Glia in the modulation of neuropathic pain

It has been established that neuropathic pain is not exclusively a sensory phenomenon but also involves immune reactions. Glia represent immune cells of the CNS; microglia and astrocytes are the most investigated [9– 11], and oligodendrocytes have emerged as new players relevant to neuropathic pain.

Microglia

Following peripheral nerve injury, microglia proliferate, become hypertrophic and activated, and secrete molecules which sensitize sensory neurons in the spinal cord. The best-characterized mechanism involves the activation of microglial purinergic receptors P2X4 by adenosine triphosphate (ATP) secreted from damaged neurons or astrocytes or both. This stimulates microglia to release brain-derived neurotrophic factor (BDNF), which activates its neuronal receptors. Ultimately, inhibitory signaling mediated by γ-aminobutyric acid A (GABA A) receptors is diminished and this culminates in enhanced pain [11– 14]. The microglia–neuronal interactions are bidirectional, and there is some dispute of the initial signal that activates microglia. In addition to the ATP/P2X4 pathway, the dorsal root ganglion (DRG) neuron central endings (which terminate in the spinal cord dorsal horn) ( Figure 1A) secrete chemokines such as CX3CL1, CCL2, and CCL21, which activate their respective receptors on microglia [13]. The previous concepts have recently been challenged by studies suggesting that it is a cytokine colony-stimulating factor 1 (CSF1) which is upregulated in injured DRG neurons, transported, and secreted in the spinal cord, where it activates CSF1 receptors in microglia, leading to their proliferation and neuropathic pain induction [15, 16] ( Figure 1Bi). Selective neuronal CSF1 deletion reduced microglia proliferation and prevented neuropathy-triggered hypersensitivity in mice. Downstream of CSF1 receptor, the microglial membrane adaptor protein DAP12 was required for hypersensitivity but surprisingly not for microglia proliferation. Hence, CSF1-mediated hypersensitivity engaged DAP12-dependent upregulation of pain-related genes (including the gene encoding P2X4 receptor) and DAP12-independent microglia proliferation [15].

Figure 1.

Novel neuro-glial mechanisms of neuropathic pain.

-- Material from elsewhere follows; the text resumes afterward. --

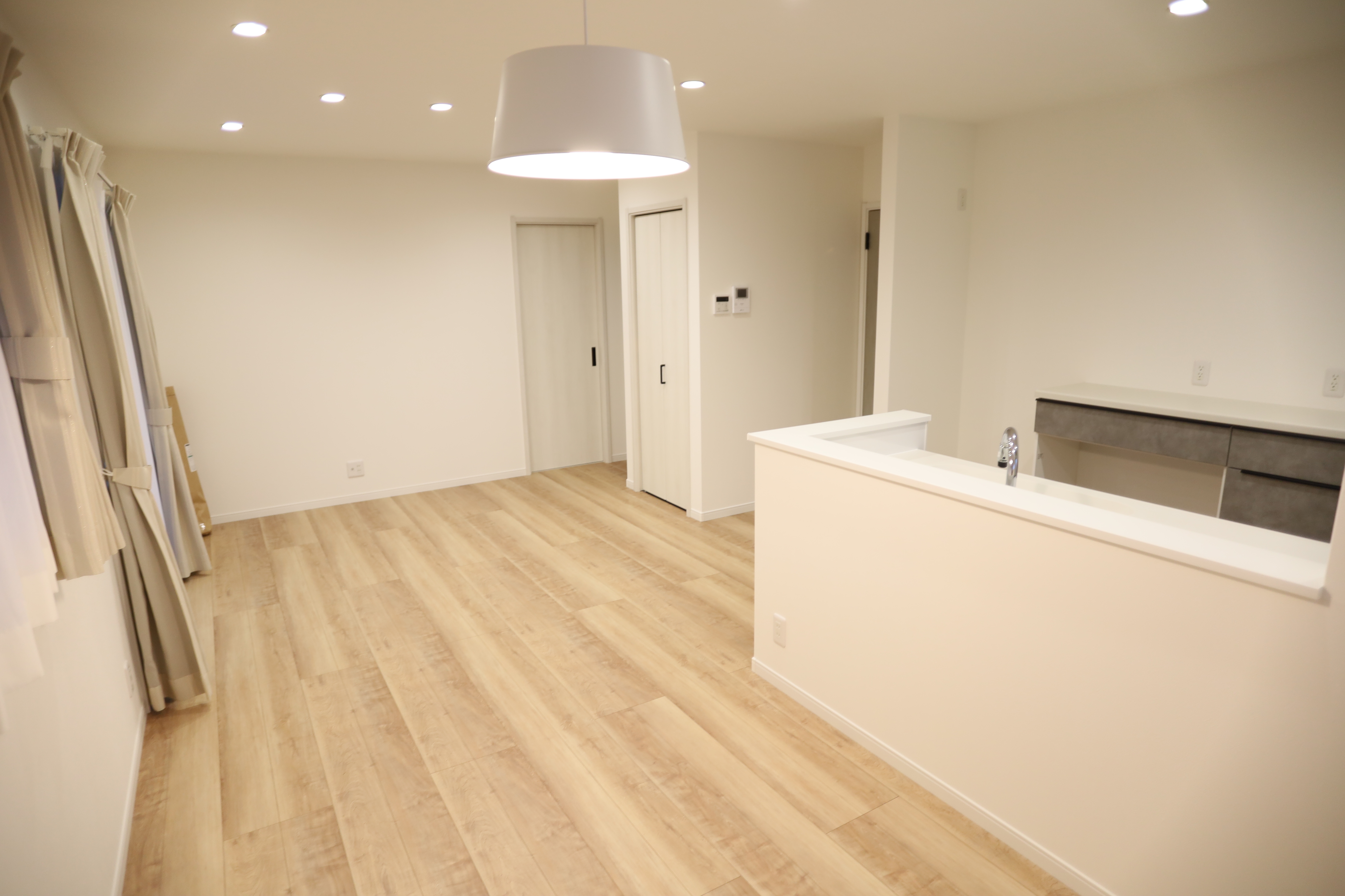 白を基調にした明るいLDKと、動線がスムーズな対面キッチン。やさしい木目の床が空間に温かみを添え、家族の会話が自然と生まれる、心地よい暮らしを叶えます。

( A) Schematic innervation of the dorsal horn spinal cord (dashed box) by DRG neurons. Neuropathy was induced by SNI or ScNI in mice or rats. ( B) Neuro-glial mechanisms in the dorsal horn spinal cord (dashed box in A): (i) CSF1 released from injured DRG neurons activates CSF1 receptor (CSF1R) in microglia [15, 16]. (ii) TMEM16F in microglia mediates their phagocytosis of GABAergic-interneuron terminals [17]. (iii) Whether monocytes infiltrate spinal cord and their relative role versus resident microglia are still unclear [22, 26, 28, 29, 32]. (iv) Upregulated connexin 43 in astrocytes triggers the secretion of CXCL1 to activate CXCR2 on DRG neuron central terminals and spinal interneurons [33]. (v) Spinal neuron-derived CXCL13 activates CXCR5 in astrocytes [34]. (vi) MCP-3 secreted from astrocytes activates CXCR2 in microglia [74]. CSF1, colony-stimulating factor 1; CXCR, chemokine CXC receptor; DRG, dorsal root ganglion; GABA, γ-aminobutyric acid; MCP-3, monocyte chemotactic protein-3; ScNI, sciatic nerve injury; SNI, spinal nerve injury.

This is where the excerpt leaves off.